[Collected data entries]
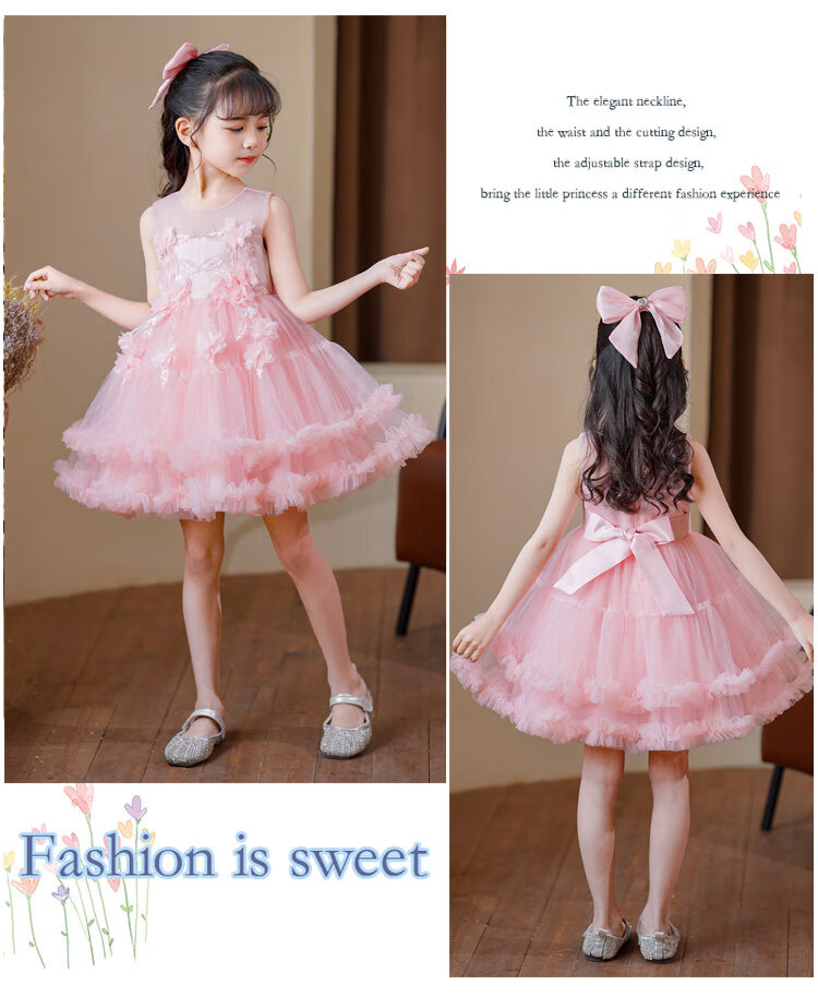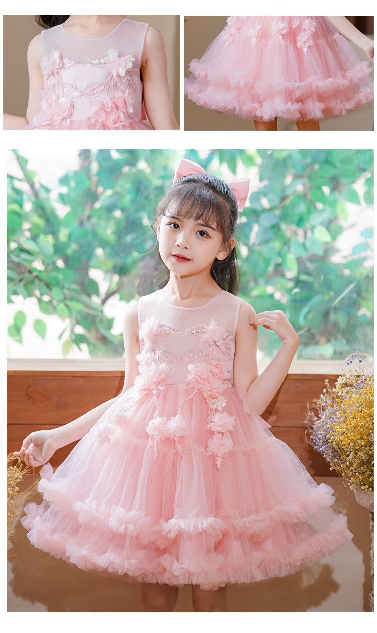 Girls Dress Summer Dress 2025 New Baby Girl Children's Fashionable Princess Dress Summer Little Girl Dress Thin 2207 Pink-Free Pearl Headband 110 Recommendation 28-33Jin Jin is equal to 0.5 kg
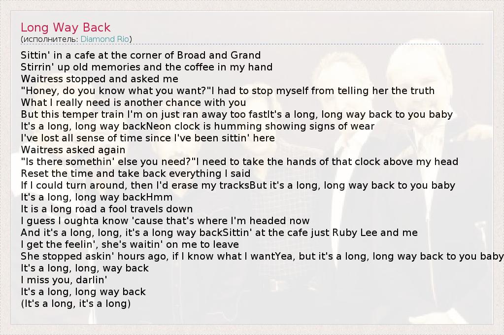 А как ты думаешь, о чем песня "Long Way Back" ?
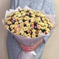 Букет из 15 пионовидных роз Шиммер в дизайнерской упаковке
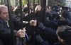 Возле первого подъезда, куда обычно заходит пресса, дежурят 30 "беркутовцев". Рядом припаркованы 4 милицейские автобусы.
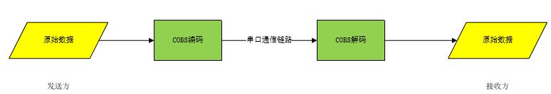 设备A(发送方)和设备B(接收方)通过串口通讯,如下图所示,使用COBS进行编解码主要是为了报文分割(解决粘包半包问题)。
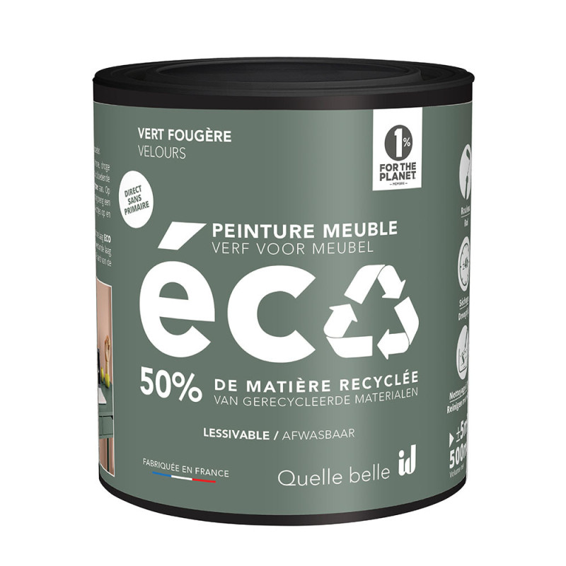 La peinture pour meuble ID ECO MEUBLE vert fougère velours 500ml allie une formule en phase aqueuse à une forte opacité pour une couvrance parfaite dès la première couche. Sa finition veloutée procure un toucher doux et un rendu élégant, tandis que sa composition lessivable facilite l’entretien et garantit une résistance durable aux taches et frottements. Adaptée à une large gamme de supports, elle assure une application fluide et un résultat uniforme. Le vert fougère, profond et naturel, apporte une touche fraîche et authentique à vos espaces, combinant esthétique, durabilité et respect de l’environnement.
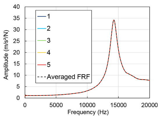 where H is the FRF, Y is the FFT of the measured acceleration, X is the FFT of the applied force, X* is the complex conjugate of the applied force and the bar above corresponds to the arithmetic average from the five impacts. The five FRFs corresponding to each of the five impacts and the averaged FRF (Equation (8)) for specimen GB5-3 at 14.7 °C are displayed on Figure 4. Figure 4 shows that the six FRFs overlaps, which confirms the very good repeatability of the test.
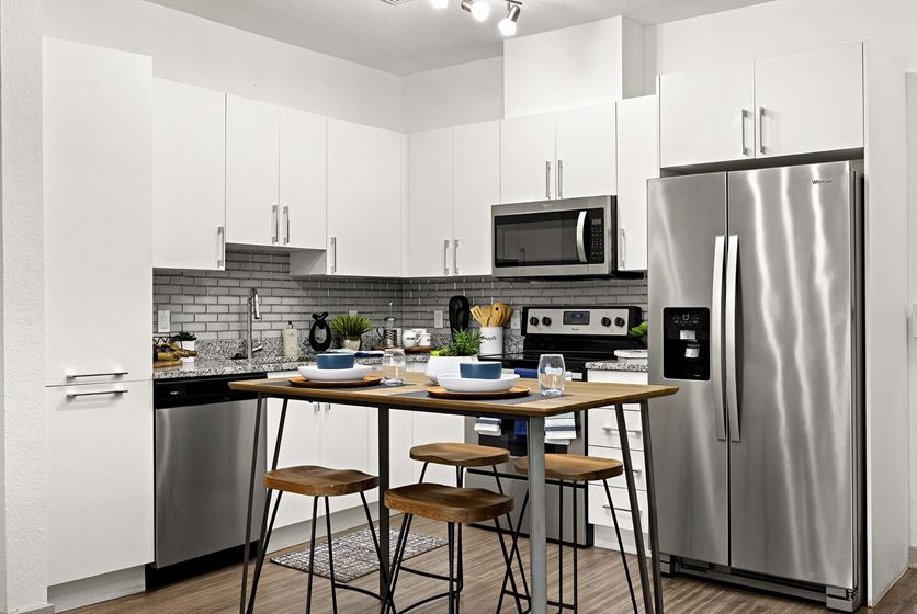 These modern and spacious 1-, 2-, and 3-bedroom apartment homes offer luxurious features like designer kitchen cabinets imported from Italy, natural polished stone counters in the kitchen and baths, side-by-side stainless steel fridges with external water & ice dispensers, and so much more. Enjoy the Florida sun on your screened-in patio or spacious balcony available in select apartment homes.
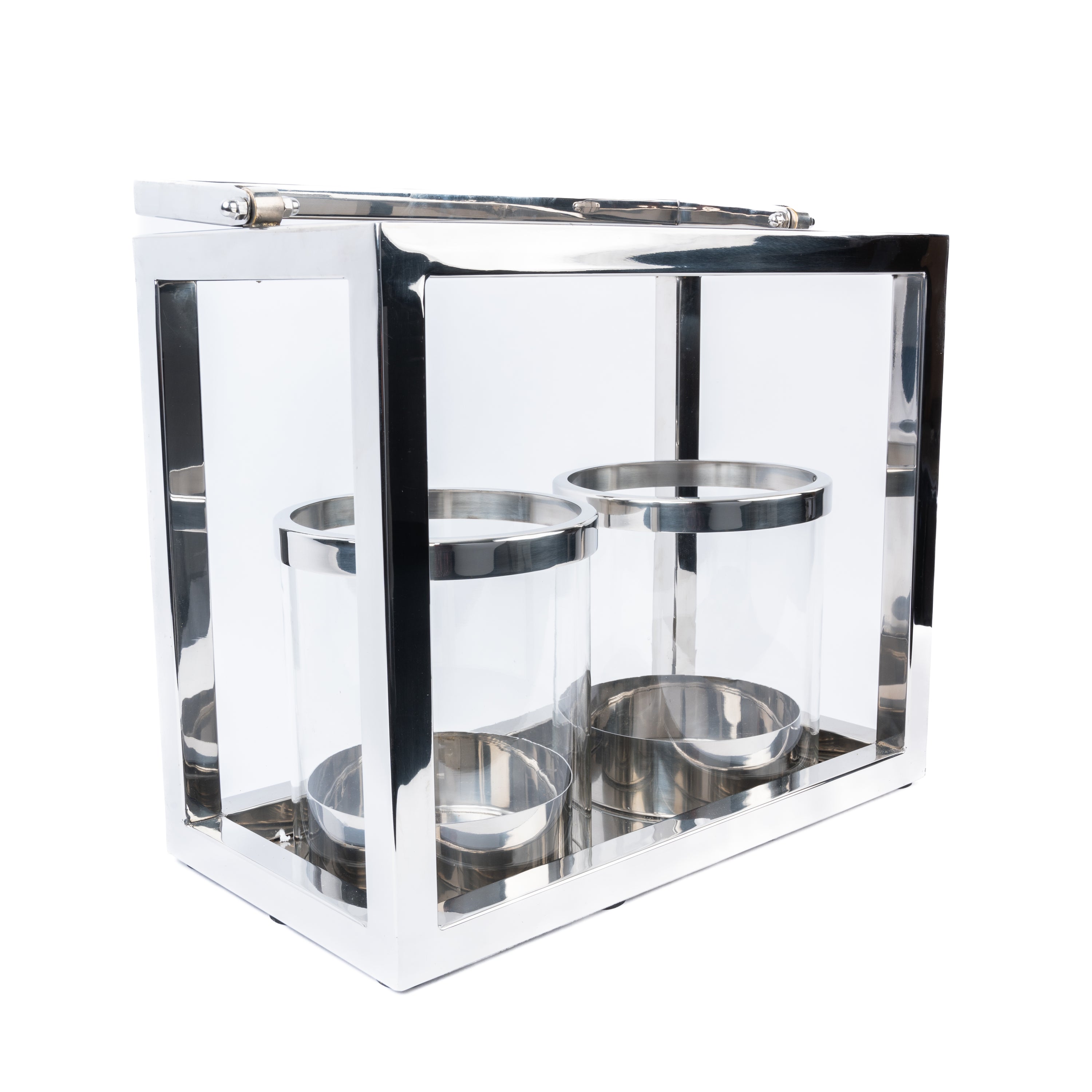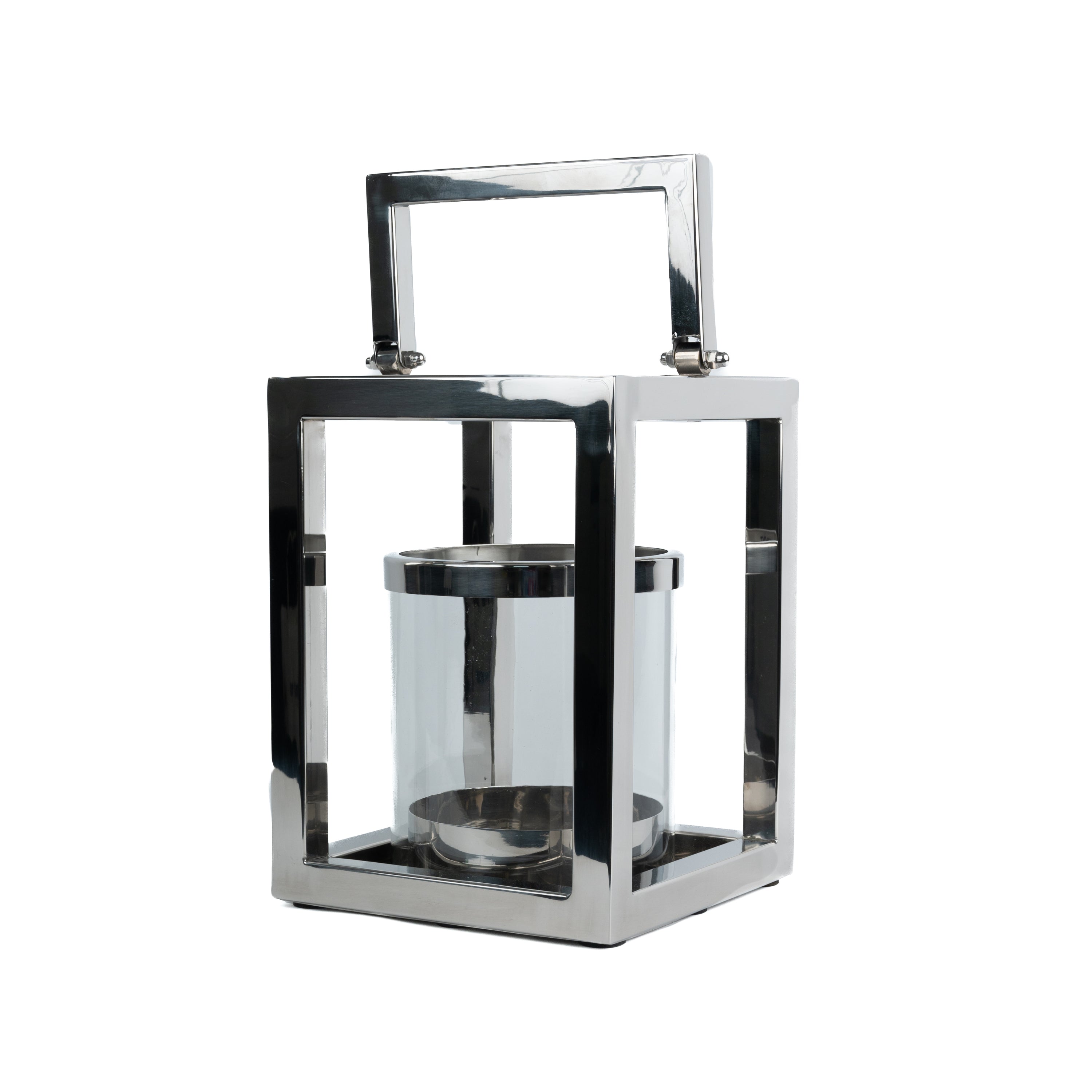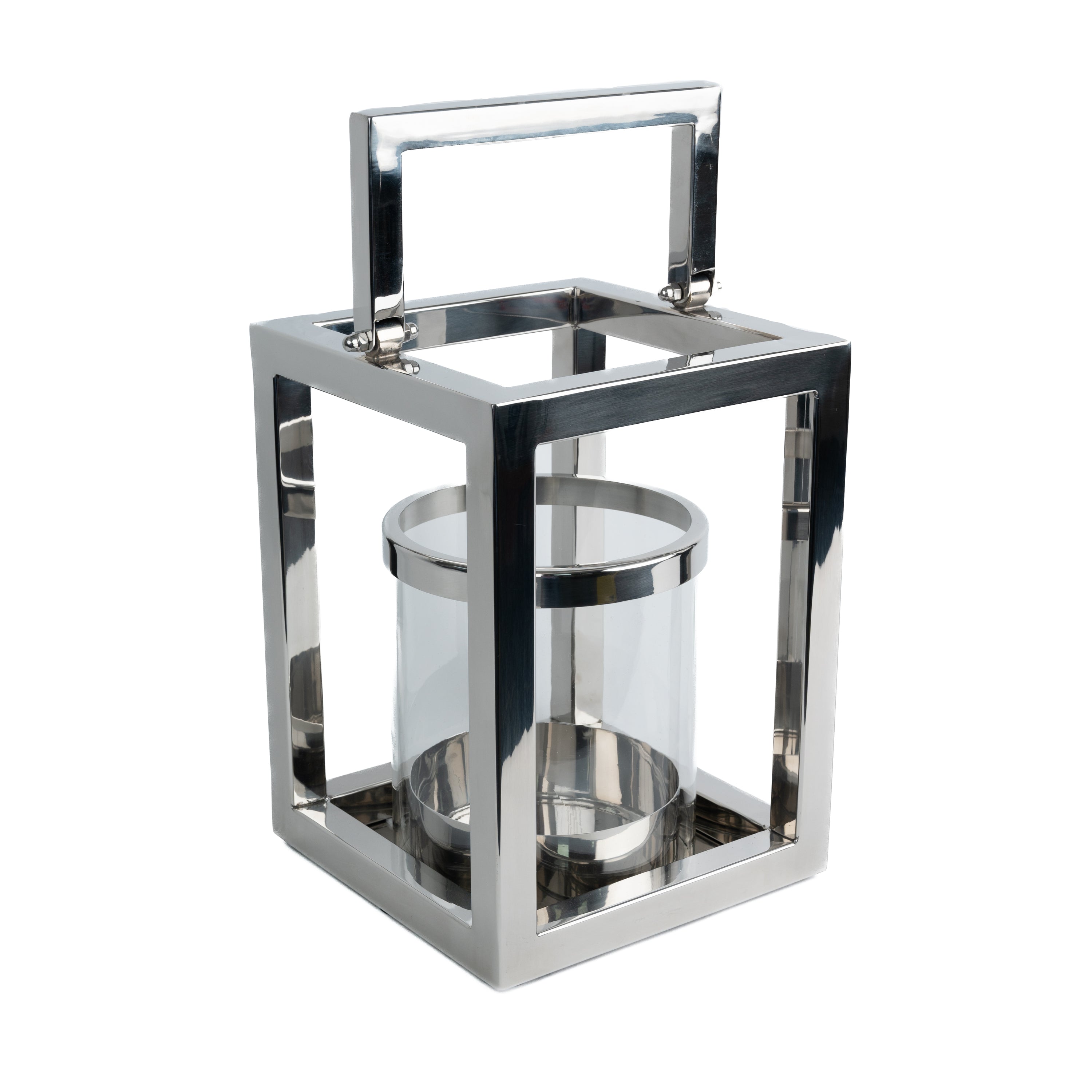 فانوس مميز بتصميم أنيق. تصميم زجاجي داخل حامل فولاذي مستطيل. مع مقبض للنقل، يمكن استخدامه في الخارج أو الداخل، كطاولة أو على الرف. متوفر بثلاثة أحجام: صغير، متوسط وكبير.
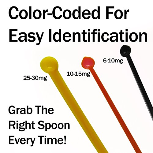 COLOR-CODED FOR QUICK IDENTIFICATION. Don't let your spoons get mixed up in the drawer! Know that you're grabbing the right milligram measuring spoon for powder measuring in your nootropic stack!
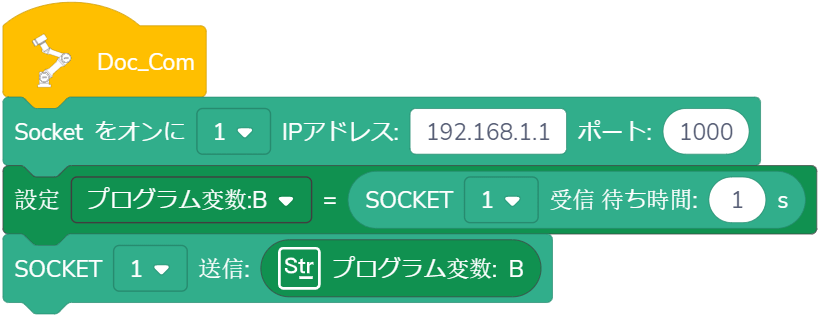 例:SOCKETサーバーに接続し、プログラム変数Bを受信し、結果を返します。
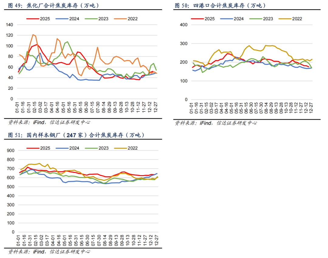 ⚫ 港口库存:截至12月19日,四港口合计焦炭库存较上周下降5.5万吨至175.7万吨,周环比下降3.06%。
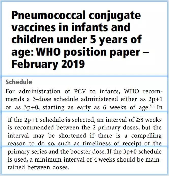 然而,在最新的2019版5歲以下嬰幼兒肺炎疫苗立場文件中,世界衞生組織明確推薦只接種3劑的 3+0或2+1程序,但沒有排斥3+1程序。

The problem =>
Each line from the start of the entries to the line holding "设备A(发送方)和设备B(接" is to be given again exactly, both ends included, and each picture is to be left out.

Answer to the problem =>
 Girls Dress Summer Dress 2025 New Baby Girl Children's Fashionable Princess Dress Summer Little Girl Dress Thin 2207 Pink-Free Pearl Headband 110 Recommendation 28-33Jin Jin is equal to 0.5 kg
 А как ты думаешь, о чем песня "Long Way Back" ?
 Букет из 15 пионовидных роз Шиммер в дизайнерской упаковке
 Возле первого подъезда, куда обычно заходит пресса, дежурят 30 "беркутовцев". Рядом припаркованы 4 милицейские автобусы.
 设备A(发送方)和设备B(接收方)通过串口通讯,如下图所示,使用COBS进行编解码主要是为了报文分割(解决粘包半包问题)。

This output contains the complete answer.